The coarsely extracted key wavelength set was refined using CARS and BOSS. For the key wavelengths initially selected by iRF, CARS refined 23 key wavelengths, while BOSS refined 26. Notably, the model built with the wavelengths selected by BOSS demonstrated higher prediction accuracy, achieving RC2 = 0.7715, RMSEC = 9.6015, RPDC = 2.0920, RP2 = 0.7701, RMSEP = 9.8746, and RPDP = 2.0856. The ultimately optimized wavelength set was determined as 1021, 1025, 1030, 1049, 1058, 1068, 1073, 1077, 1082, 1087, 1091, 1096, 1115, 1124, 1275, 1280, 1299, 1313, 1318, and 1327 nm.

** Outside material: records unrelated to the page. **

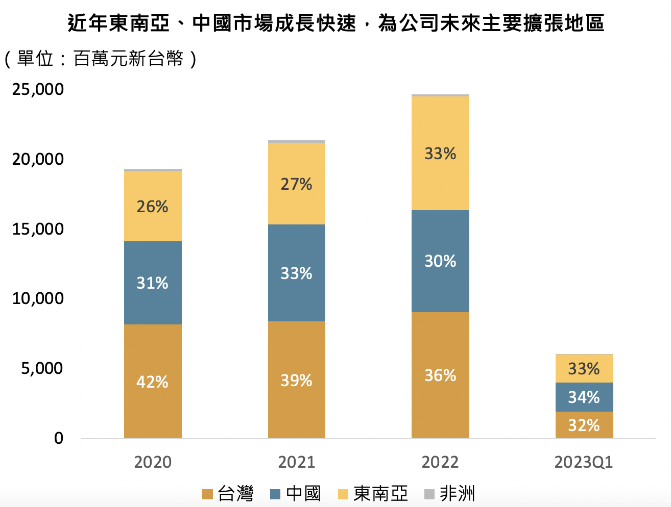 公司 2022 年營收地區占比為台灣 36%、中國 30%、東南亞 33%、非洲 1%,且無單一客戶之銷售占比超過 10%,地區、客戶集中風險低,近年因台灣市場已逐步飽和,海外市場以中國與東南亞市場為主要擴張地區。
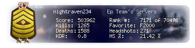 | Headshots | 271 | Suicides | 17 | Headshot / Kill | 21.42 % |
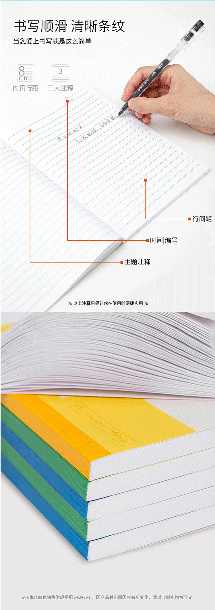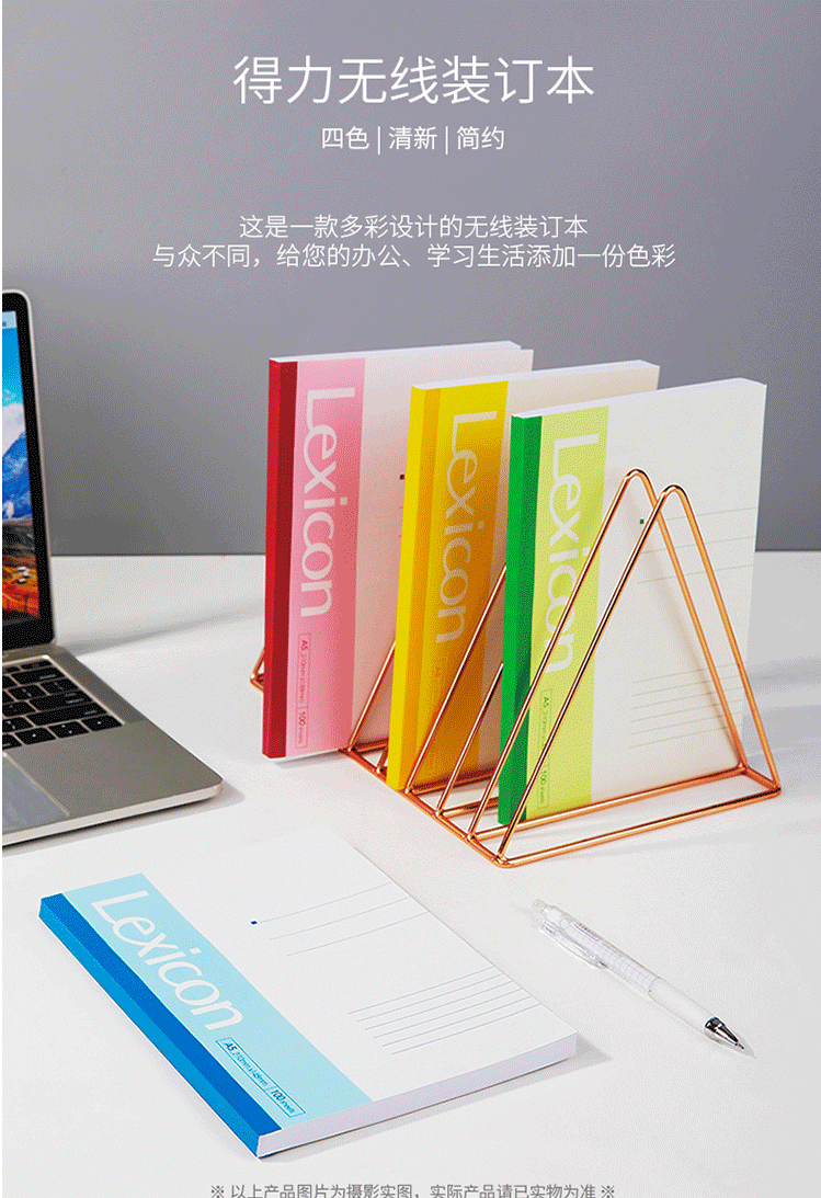 商品名称:得力7655办公无线装订本(混) A5-100张 6本/包
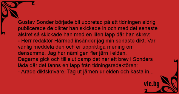 Gustav Sonder började bli uppretad på att tidningen aldrig publicerade de dikter han skickade in och med det senaste alstret så skickade han med en liten lapp där han skrev:
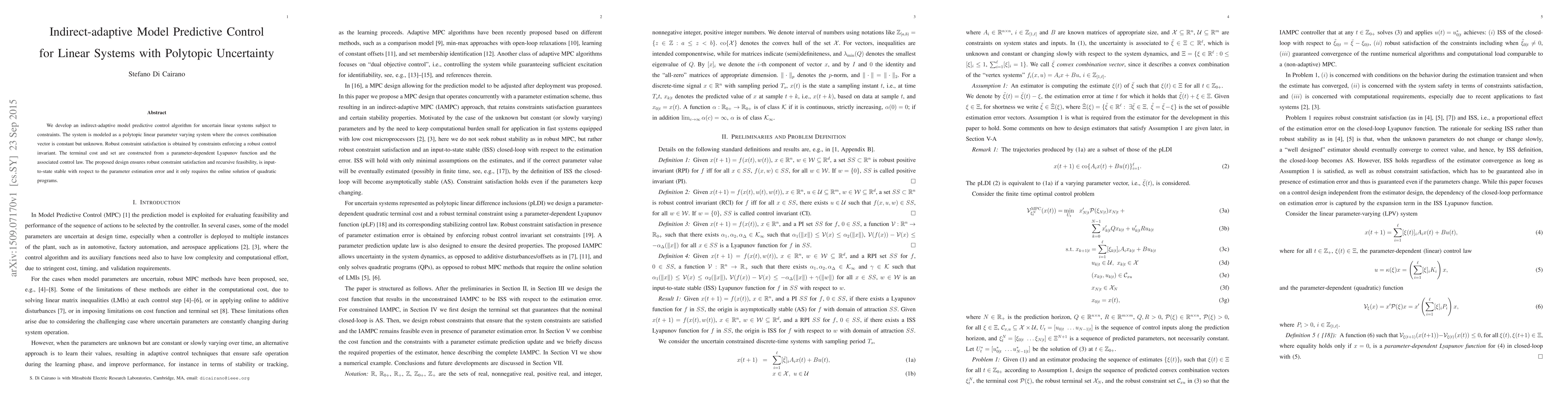 We develop an indirect-adaptive model predictive control algorithm for uncertain linear systems subject to constraints. The system is modeled as a polytopic linear parameter varying system where the convex combination vector is constant but unknown. Robust constraint satisfaction is obtained by constraints enforcing a robust control invariant. The terminal cost and set are constructed from a parameter-dependent Lyapunov function and the associated control law. The proposed design ensures robust constraint satisfaction and recursive feasibility, is input-to-state stable with respect to the parameter estimation error and it only requires the online solution of quadratic programs.
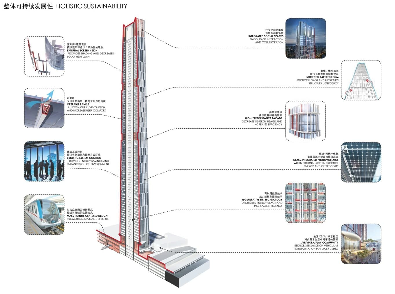 Este proyecto implica la construcción de 315.000m2, repartidos en tres edificios, alcanzando el más alto una altura de 400 metros. Es un rascacielos de oficinas que simboliza la visión futura de Wuhan: equilibrio entre desarrollo y sostenibilidad.

For the key wavelengths initially selected by iVISSA, CARS refined 17 key wavelengths, while BOSS refined 16. However, the model built with wavelengths selected by CARS demonstrated higher prediction accuracy, achieving RC2 = 0.5510, RMSEC = 13.4580, RPDC = 1.4924, RP2 = 0.5421, RMSEP = 13.9349, and RPDP = 1.4778. Comparative analysis revealed that the detection model built with the wavelength set refined by iRF-BOSS achieved optimal performance.

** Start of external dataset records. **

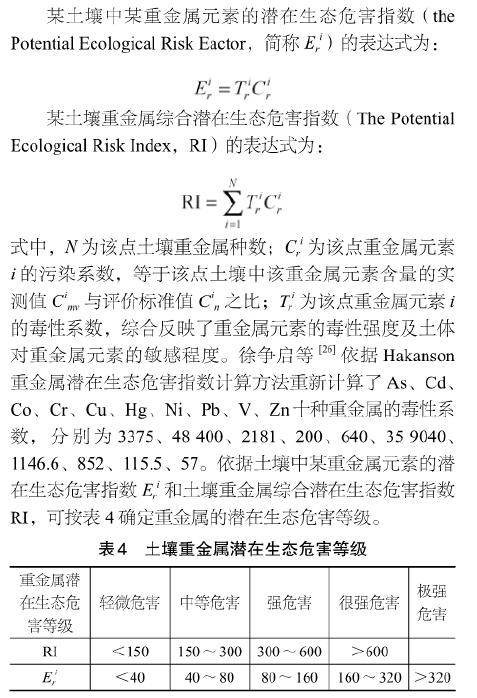 6)致污染物質(zhì)的潛在生態(tài)危害評價。潛在生態(tài)危害指數(shù)法是瑞典地球化學(xué)家Hakanson于1980[21]創(chuàng)建的,是以沉積學(xué)原理評價環(huán)境重金屬污染及其生態(tài)危害的方法。由于該方法同時考慮了重金屬的種類、濃度、毒性水平及土體對重金屬的敏感性等因素,較為科學(xué)合理,因此,被廣泛應(yīng)用于土壤環(huán)境質(zhì)量評價,國內(nèi)有不少學(xué)者[22-26]在評價土壤環(huán)境質(zhì)量時應(yīng)用了這種方法,并進(jìn)行了較深入的研究。
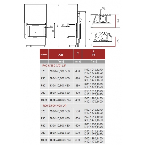 Каминная топка Kobok Corner 1050 VD R90-S/380 L/P
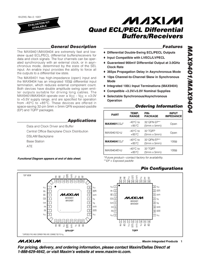 MAX9401, MAX9404 Quad ECL/PECL Differential Buffers/Receivers
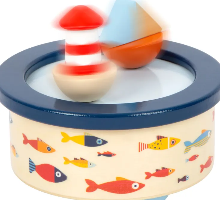 Die maritime Spieluhr »Großer Ozean« aus Holz verzaubert mit dem Schlaflied »Weißt Du, wieviel Sternlein stehen« und begleitet Kinder behutsam ins Land der Träume. Ein kleines Schauspiel entfaltet sich, wenn der Leuchtturm und das Segelboot im Takt der Melodie sanft im Kreis tanzen. Mit kinderleichter Bedienbarkeit ist diese Spieluhr besonders auf die kleinen Hände zugeschnitten. Die abnehmbaren Holzfiguren ermöglichen es sogar den Kleinsten, die Spieluhr eigenständig zu nutzen. Das zentrale Designelement der Unterwasserwelt begeistert mit liebevollen Details und kinderfreundlichem Charme. Neben ihrer Funktion als Einschlafhilfe wird die Spieluhr zu einem dekorativen Blickfang im Kinderzimmer. Abgerundete Kanten verleihen nicht nur eine angenehme Haptik, sondern unterstreichen auch die hochwertige Verarbeitung.

3.4. Key Wavelength Extraction and Detection Model Results for Vitamin B9 in Foxtail Millet

The results of using millet vitamin B9 raw data, preprocessing data, and key extraction data combined with the BiLSTM–Adaboost model are shown in Table S3. The BiLSTM–Adaboost was used to establish an association model between the original spectral data of foxtail millet and the content of vitamin B9. The prediction results are shown in Figure 5, with performance metrics: RC2 = 0.6554, RMSEC = 8.3265, RPDC = 1.7035, RP2 = 0.6391, RMSEP = 10.0447, and RPDP= 1.6646. After preprocessing with S-G, DWT, and SNV, the results improved: RC2 = 0.8164, RMSEC = 6.3903, RPDC = 2.3338, RP2 = 0.8083, RMSEP = 6.5725, and RPDP = 2.2840.

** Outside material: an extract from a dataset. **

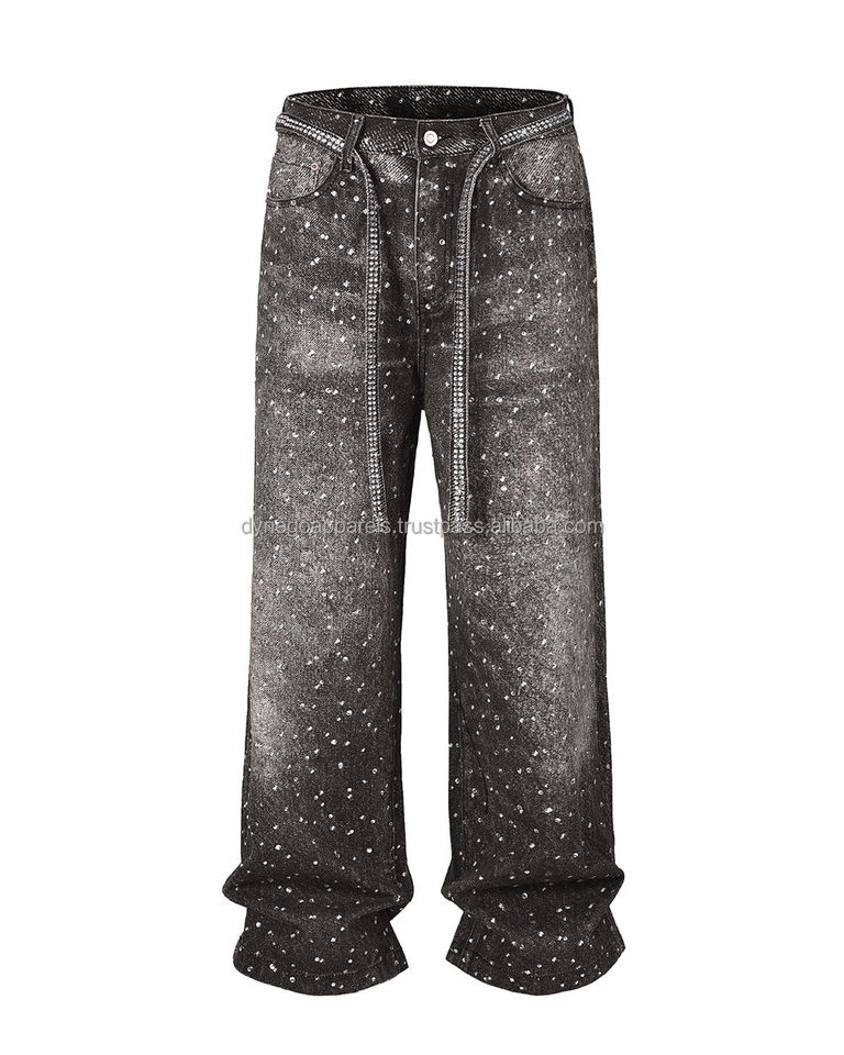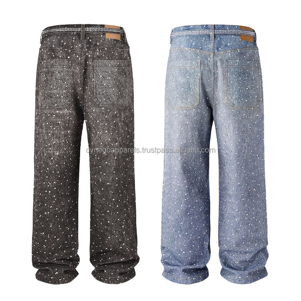 กางเกงยีนส์สีเขียวของผู้ชายกางเกงผ้าฝ้ายขากว้างทรงหลวมเอวกลางทรงหลวมดีไซน์ขาตรงสไตล์ออกแบบตามสั่ง

For vitamin B9, 82 key wavelengths were extracted using iRF, which were distributed in the ranges of 959–1157, 1318–1379, 1398–1464, and 1605–1648 nm. The 959–1157 nm range primarily involves the first overtone of C-H and N-H bonds, which may be related to the aromatic or heterocyclic structures in the folic acid molecule. The 1318–1379 nm range corresponds to the second overtone of the O-H bonds in hydroxyl groups, which could be influenced by hydroxyl groups in the folic acid molecule or moisture. The 1398–1464 nm range is associated with hydrogen bonding interactions within the folic acid molecule. The 1605–1648 nm range may correspond to the characteristic absorption of the glutamic acid group in the side chain of folic acid. The iVISSA rough selection has additional wavelength intervals, of 1157–1318 and 1506–1605 nm, compared to iRF. The 1157–1318 nm range may include interaction signals between folic acid and other components (such as proteins or carbohydrates) or the absorption from specific conjugated structures in the folic acid molecule. The 1506–1605 nm range could involve higher overtones of C-H bonds or vibrations of the overall molecular framework [49]. By adding these two wavelength intervals, iVISSA covers a more complete spectral key of the folic acid molecule, reducing the omission of key information.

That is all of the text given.